Information supplied.
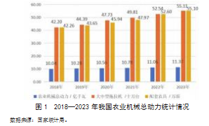 由图1可知,2018—2023年我国农业机械总动力整体呈上升趋势,2023年我国农业机械总动力已达到11.37亿千瓦,较去年增加2.8%。2023年大型拖拉机551.09万台,配套农具550.99万部。
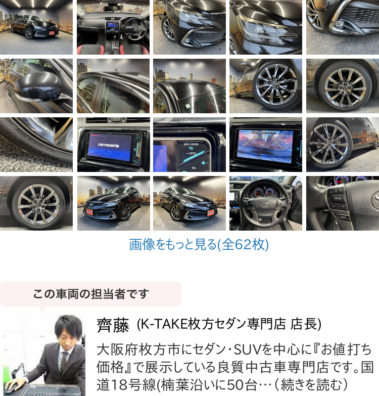 K-TAKE枚方店は国産セダン・SUV・ステーションワゴンを中心に取り扱いしております。趣向性の高い車種になりますので、専門知識を持ったスタッフにてご案内させて頂きます。コーティングやカスタム等はもちろん、任意保険、オートローンまで安心のカーライフをお約束致します。整備、保証などのアフターサービスも当店ですべて行えますのでご安心ください。当社は全国のオークション会場、約160カ所と業務提携を結んでおります。全国60000台以上の中古車を当店でご商談、ご契約、ご納車可能です!
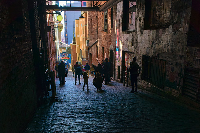 | A colorful back alley off the south side of Pike's Place Market, Seattle, Washington. |
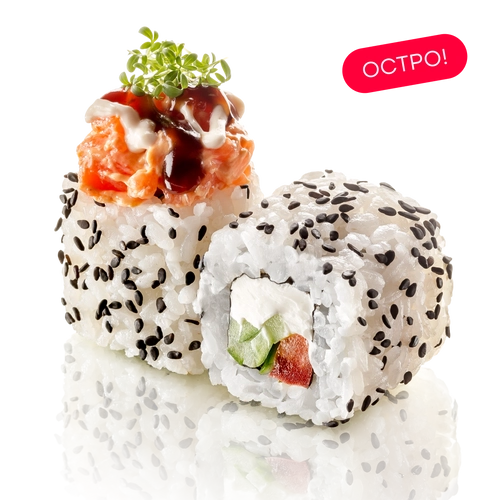 Лосось, сливочный сыр, огурец, томат, соус Том ям, соус унаги, соус трюфельный, нори, рис заправленный, кунжут, микрозелень
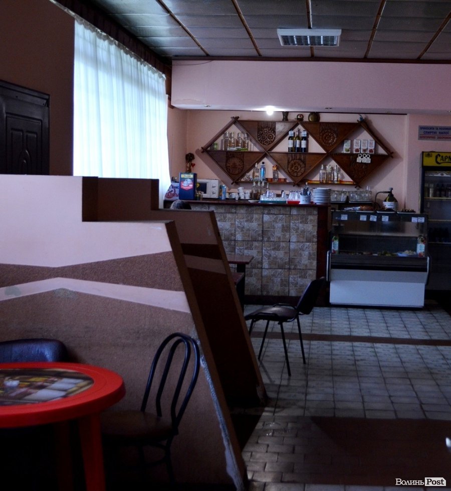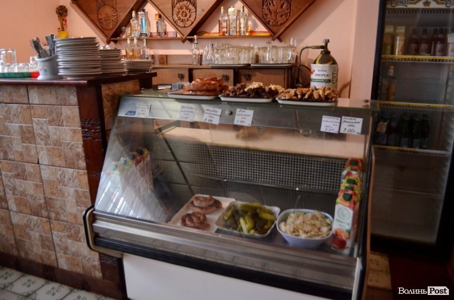Праворуч – вітрина. Уявіть: печінка з цибулею, домашня ковбаса, квашені огірки, смажена мойва, декілька рибинок хека і капуста по-волинськи. На стійці – перевернуті на підносі стопки, склянки, пивні бокали, якийсь незрозумілий кавовий апарат (зовсім не в тему, - авт.), кілька пляшок горілки і холодильник з пивом і мінералкою.
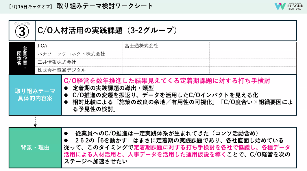 私たちは、キャリアオーナーシップを数年推進した後「2周目の課題」に向き合って議論しました。いわゆる2:6:2のうち「6割の人を動かす」にはどうすればいいのか。その打ち手を各社で議論し、キャリアオーナーシップ経営を次のステージへ加速させたい狙いです。
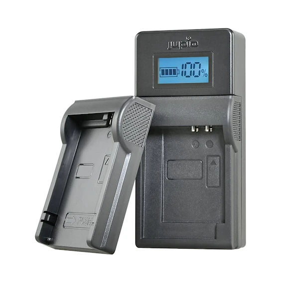 Universalladdare som passar de flesta Canon kamerabatterier som är mellan 7,2 och 8,4V. Batteriets laddningsstatus indikeras av en tydlig LCD. Det ingår flera olika plattor som är anpassade för olika batterier.
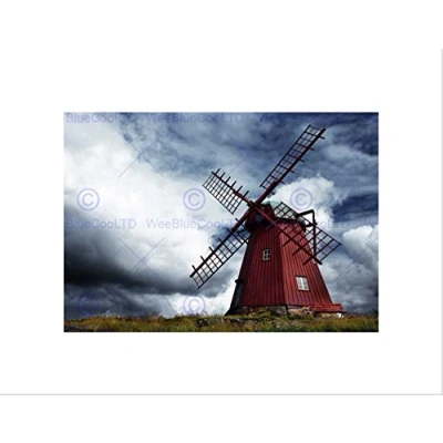 Wee Blue Coo Red Windmill Cloudy Sky Art Wall Print
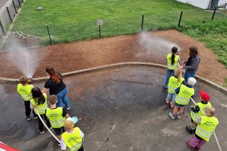 Mit einem Feuerwehrschlauch wurde die Blumenwiese gewässert.
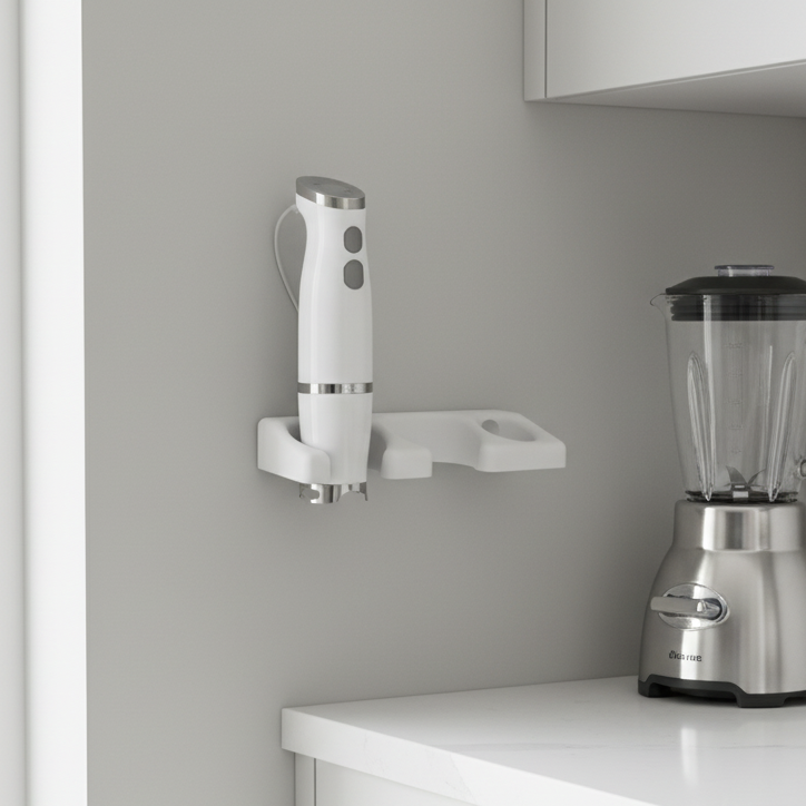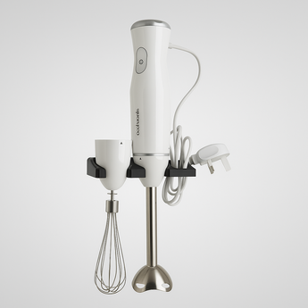 Optimize your kitchen space and keep things tidy with this smart wall mount for your immersion blender. Designed to create an uncluttered and functional environment, this mounting solution allows you to easily store your immersion blender, its accessories, and the cord all in one place. This frees up valuable cupboard space and keeps your kitchen countertops free from clutter.
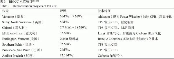 瑞典Varnamo電廠是世界上首座BIGCC電廠,發(fā)電凈效率為32%。電廠采用FosterWheeler公司的加壓循環(huán)流化床氣化技術(shù),以空氣為氣化劑,燃氣經(jīng)冷卻器冷卻至350~400℃后,由高溫管式過濾器凈化。電廠1995年開始正式運行,系統(tǒng)整體運行時間超過3600h,其中加壓氣化爐運行時間超過8500h,驗證了生物質(zhì)加壓氣化和燃氣高溫凈化系統(tǒng)的可行性,獲得了寶貴的運行經(jīng)驗。由于運行成本過高,該項目于2000年停止運行。其他BIGCC示范項目見表3,有四個項目采用了瑞典TPS的常壓CFB氣化技術(shù),這些示范工程目前都已停止運行。
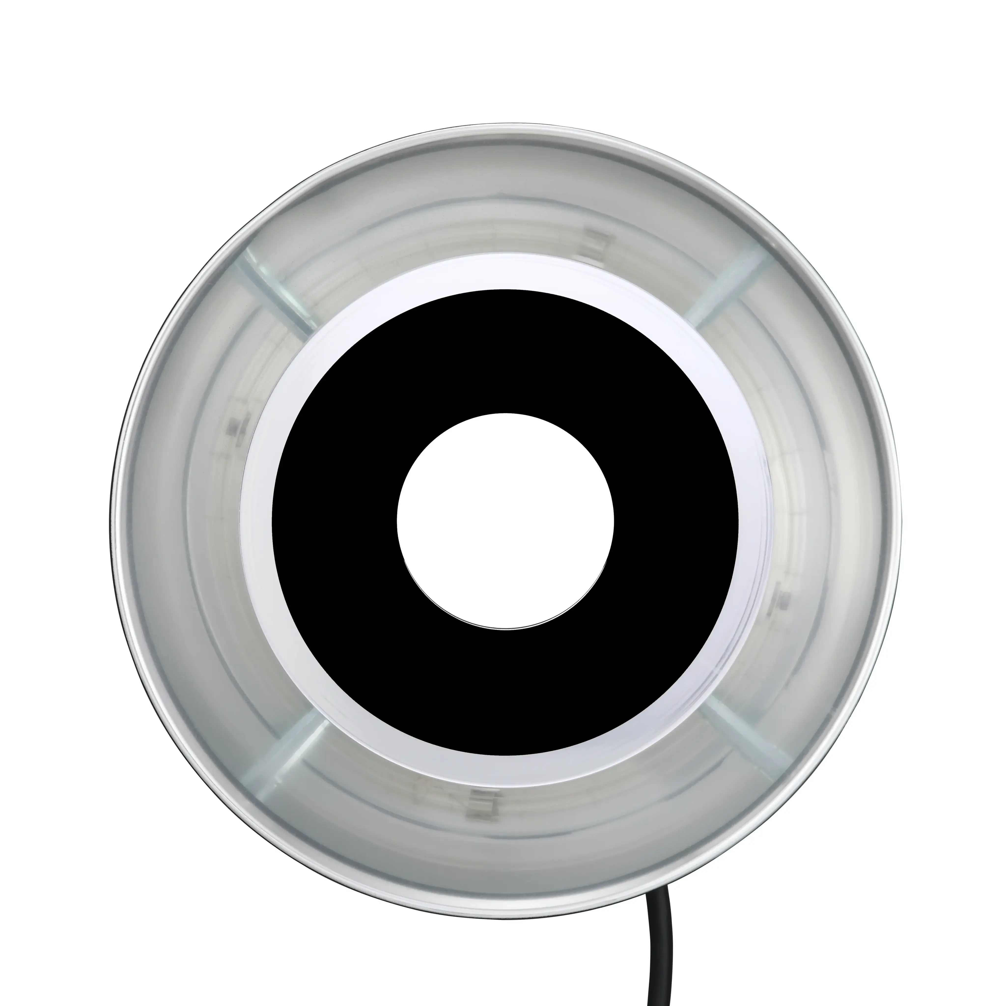 Рефлектор диаметром 38.5 см и глубиной 6.9 см изготовлен из металла, надежен и долговечен в использовании. Толстое защитное стекло рефлектора дополнительно обезопасит импульсную лампу выносной головы во время съемок.
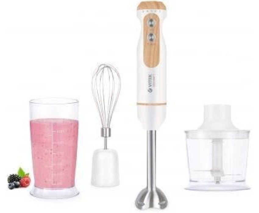 Блендер погружной. Мощность: 1200 вт, Количество скоростей: 5, Турборежим, Плавная регулировка скорости, Управление: механическое, Материал корпуса: пластик, Материал погружной части: нержавеющая сталь, Емкость измельчителя: 500 мл, Емкость мерного стакана: 700 мл, Венчик для взбивания, Мерный стакан, Длина сетевого шнура: 130см, Измельчитель, Цвет: Белый/ольха

Aim of the task. Could you give the material above again, exactly and without its pictures?

Solution to the exercise.
 由图1可知,2018—2023年我国农业机械总动力整体呈上升趋势,2023年我国农业机械总动力已达到11.37亿千瓦,较去年增加2.8%。2023年大型拖拉机551.09万台,配套农具550.99万部。
 K-TAKE枚方店は国産セダン・SUV・ステーションワゴンを中心に取り扱いしております。趣向性の高い車種になりますので、専門知識を持ったスタッフにてご案内させて頂きます。コーティングやカスタム等はもちろん、任意保険、オートローンまで安心のカーライフをお約束致します。整備、保証などのアフターサービスも当店ですべて行えますのでご安心ください。当社は全国のオークション会場、約160カ所と業務提携を結んでおります。全国60000台以上の中古車を当店でご商談、ご契約、ご納車可能です!
 | A colorful back alley off the south side of Pike's Place Market, Seattle, Washington. |
 Лосось, сливочный сыр, огурец, томат, соус Том ям, соус унаги, соус трюфельный, нори, рис заправленный, кунжут, микрозелень
Праворуч – вітрина. Уявіть: печінка з цибулею, домашня ковбаса, квашені огірки, смажена мойва, декілька рибинок хека і капуста по-волинськи. На стійці – перевернуті на підносі стопки, склянки, пивні бокали, якийсь незрозумілий кавовий апарат (зовсім не в тему, - авт.), кілька пляшок горілки і холодильник з пивом і мінералкою.
 私たちは、キャリアオーナーシップを数年推進した後「2周目の課題」に向き合って議論しました。いわゆる2:6:2のうち「6割の人を動かす」にはどうすればいいのか。その打ち手を各社で議論し、キャリアオーナーシップ経営を次のステージへ加速させたい狙いです。
 Universalladdare som passar de flesta Canon kamerabatterier som är mellan 7,2 och 8,4V. Batteriets laddningsstatus indikeras av en tydlig LCD. Det ingår flera olika plattor som är anpassade för olika batterier.
 Wee Blue Coo Red Windmill Cloudy Sky Art Wall Print
 Mit einem Feuerwehrschlauch wurde die Blumenwiese gewässert.
 Optimize your kitchen space and keep things tidy with this smart wall mount for your immersion blender. Designed to create an uncluttered and functional environment, this mounting solution allows you to easily store your immersion blender, its accessories, and the cord all in one place. This frees up valuable cupboard space and keeps your kitchen countertops free from clutter.
 瑞典Varnamo電廠是世界上首座BIGCC電廠,發(fā)電凈效率為32%。電廠采用FosterWheeler公司的加壓循環(huán)流化床氣化技術(shù),以空氣為氣化劑,燃氣經(jīng)冷卻器冷卻至350~400℃后,由高溫管式過濾器凈化。電廠1995年開始正式運行,系統(tǒng)整體運行時間超過3600h,其中加壓氣化爐運行時間超過8500h,驗證了生物質(zhì)加壓氣化和燃氣高溫凈化系統(tǒng)的可行性,獲得了寶貴的運行經(jīng)驗。由于運行成本過高,該項目于2000年停止運行。其他BIGCC示范項目見表3,有四個項目采用了瑞典TPS的常壓CFB氣化技術(shù),這些示范工程目前都已停止運行。
 Рефлектор диаметром 38.5 см и глубиной 6.9 см изготовлен из металла, надежен и долговечен в использовании. Толстое защитное стекло рефлектора дополнительно обезопасит импульсную лампу выносной головы во время съемок.
 Блендер погружной. Мощность: 1200 вт, Количество скоростей: 5, Турборежим, Плавная регулировка скорости, Управление: механическое, Материал корпуса: пластик, Материал погружной части: нержавеющая сталь, Емкость измельчителя: 500 мл, Емкость мерного стакана: 700 мл, Венчик для взбивания, Мерный стакан, Длина сетевого шнура: 130см, Измельчитель, Цвет: Белый/ольха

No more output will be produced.